### REQUIREMENT
The records follow. Copy them exactly, but omit the pictures.

### Records excerpted from a collection
-*-*-

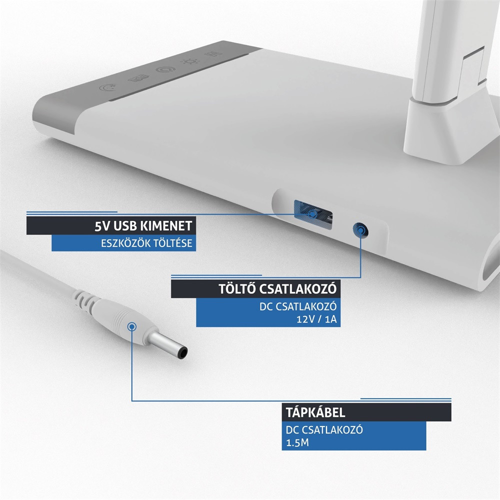 Modern és stílusos asztali lámpa, amely tökéletes kiegészítője lehet bármely otthonnak vagy irodának. A lámpa fehér színű, ami elegáns és letisztult megjelenést kölcsönöz a térnek. Erős 12W LED fényforrással rendelkezik, amely kellemes és meleg fehér fényt biztosít. A LED technológia energiatakarékos és hosszú élettartamú, így nem csak környezetbarát, de hosszú távon is költséghatékony megoldást nyújt. Fényerő állítható, így könnyedén beállíthatod a megfelelő és irányt a személyes igényeid szerint. A lámpa nyakának rugalmas kialakítása lehetővé teszi, hogy a fényt pontosan oda irányítsd, ahol szükséged van rá.
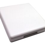 Kokoontaitettava lasiteline valkoista muovia, kiinnitetään ruuveilla alustaan. Koko 90 x 90 mm.
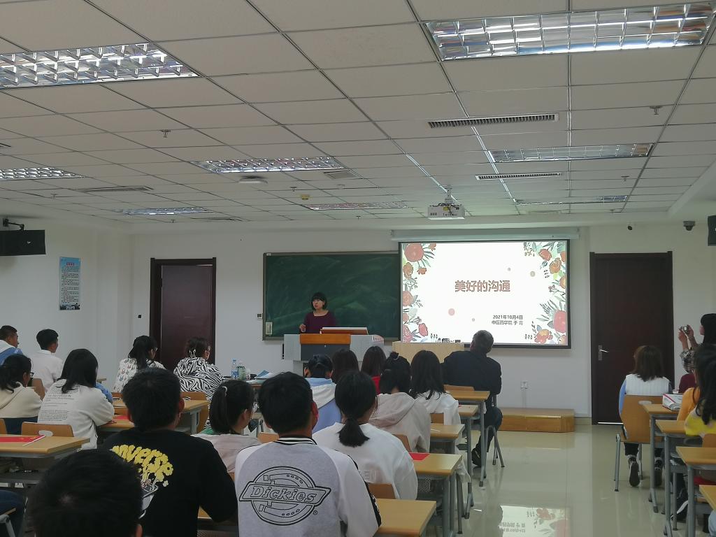 本次讲座特邀中药学教研室教师、国家二级心理咨询师于青老师主讲。活动由中医药学院院长王杰主持,党总支书记全景梁、部分教师及全体新生参加了本次活动。
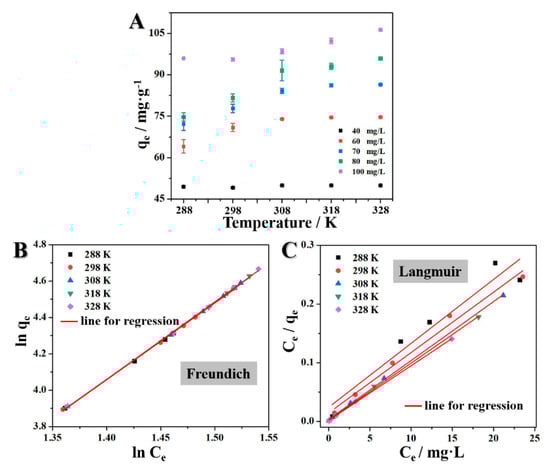 The effect of temperature on adsorption efficiency is shown in Figure 6A. As can be seen, the higher the temperature was, the more conducive it was to adsorption, implying that adsorption was an endothermic reaction.
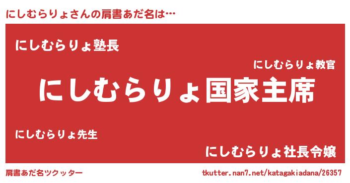 | ファンタジー風あだ名 | 『エターナルニシムラリョー』 |
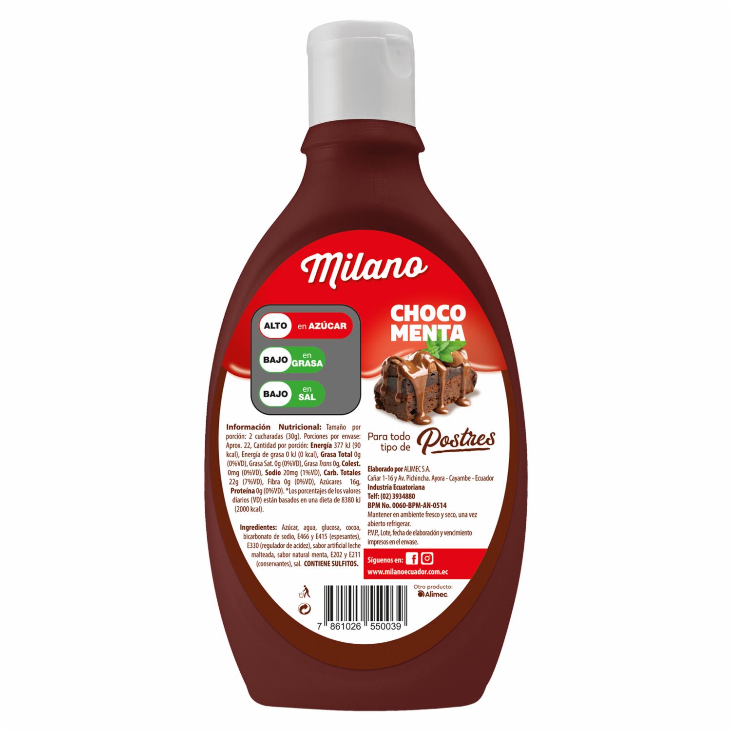 consultando preciosSirope Sabor A Choco Menta MILANO 650 G – MILANO. Disponible en nuestros locales. Precio y stock pueden variar según la tienda.
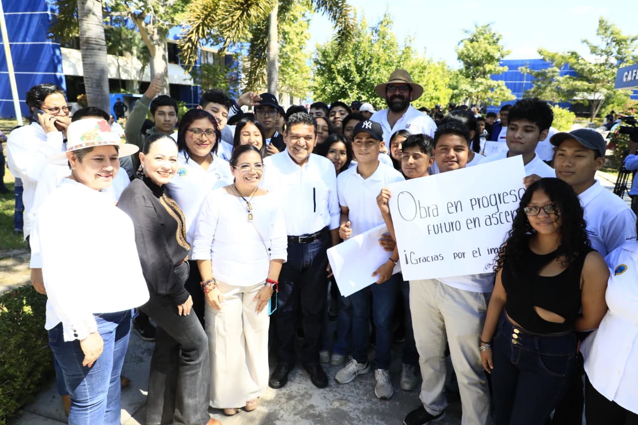 Junto a la alcaldesa Beatriz Castañón Félix, el mandatario ratificó su confianza en las juventudes, de quienes dijo, el Gobierno del Pueblo se encuentra muy pendiente. “Para nosotros la educación no es un gasto. Lo que hacemos es invertir en el futuro y presente de nuestro estado y de nuestro país. Si invertimos en la educación tenemos la esperanza de salir adelante», sostuvo.
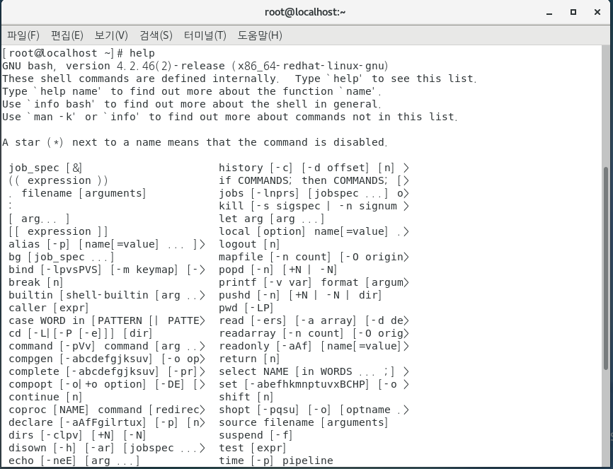지금까지 나온 명령어를 잘 모르겠다면 'help 잘 모르겠는 명령어' 라고 입력하면 영어로 친절히 알려주는 리눅스를 볼 수 있을 것 이다.
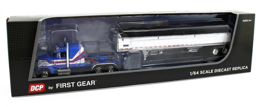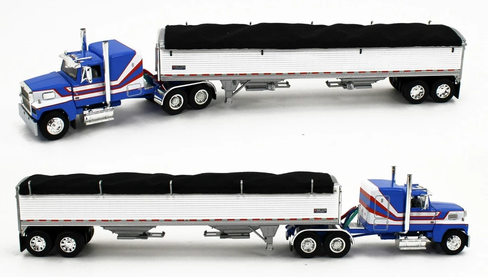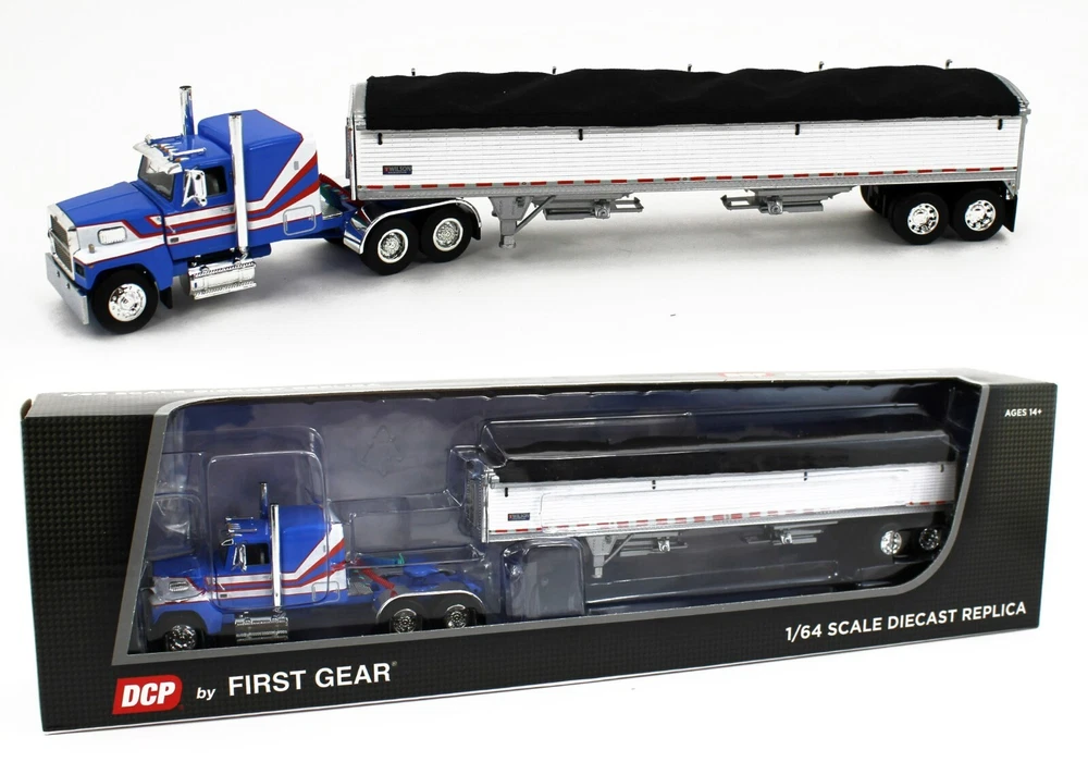 DCP 1:64 *BLUE & WHITE* FORD LTL 9000 Flattop & Wilson Grain Trailer *NIB*

-*-*-

### RESPONSE FOR THIS EXERCISE
 Modern és stílusos asztali lámpa, amely tökéletes kiegészítője lehet bármely otthonnak vagy irodának. A lámpa fehér színű, ami elegáns és letisztult megjelenést kölcsönöz a térnek. Erős 12W LED fényforrással rendelkezik, amely kellemes és meleg fehér fényt biztosít. A LED technológia energiatakarékos és hosszú élettartamú, így nem csak környezetbarát, de hosszú távon is költséghatékony megoldást nyújt. Fényerő állítható, így könnyedén beállíthatod a megfelelő és irányt a személyes igényeid szerint. A lámpa nyakának rugalmas kialakítása lehetővé teszi, hogy a fényt pontosan oda irányítsd, ahol szükséged van rá.
 Kokoontaitettava lasiteline valkoista muovia, kiinnitetään ruuveilla alustaan. Koko 90 x 90 mm.
 本次讲座特邀中药学教研室教师、国家二级心理咨询师于青老师主讲。活动由中医药学院院长王杰主持,党总支书记全景梁、部分教师及全体新生参加了本次活动。
 The effect of temperature on adsorption efficiency is shown in Figure 6A. As can be seen, the higher the temperature was, the more conducive it was to adsorption, implying that adsorption was an endothermic reaction.
 | ファンタジー風あだ名 | 『エターナルニシムラリョー』 |
 consultando preciosSirope Sabor A Choco Menta MILANO 650 G – MILANO. Disponible en nuestros locales. Precio y stock pueden variar según la tienda.
 Junto a la alcaldesa Beatriz Castañón Félix, el mandatario ratificó su confianza en las juventudes, de quienes dijo, el Gobierno del Pueblo se encuentra muy pendiente. “Para nosotros la educación no es un gasto. Lo que hacemos es invertir en el futuro y presente de nuestro estado y de nuestro país. Si invertimos en la educación tenemos la esperanza de salir adelante», sostuvo.
지금까지 나온 명령어를 잘 모르겠다면 'help 잘 모르겠는 명령어' 라고 입력하면 영어로 친절히 알려주는 리눅스를 볼 수 있을 것 이다.
 DCP 1:64 *BLUE & WHITE* FORD LTL 9000 Flattop & Wilson Grain Trailer *NIB*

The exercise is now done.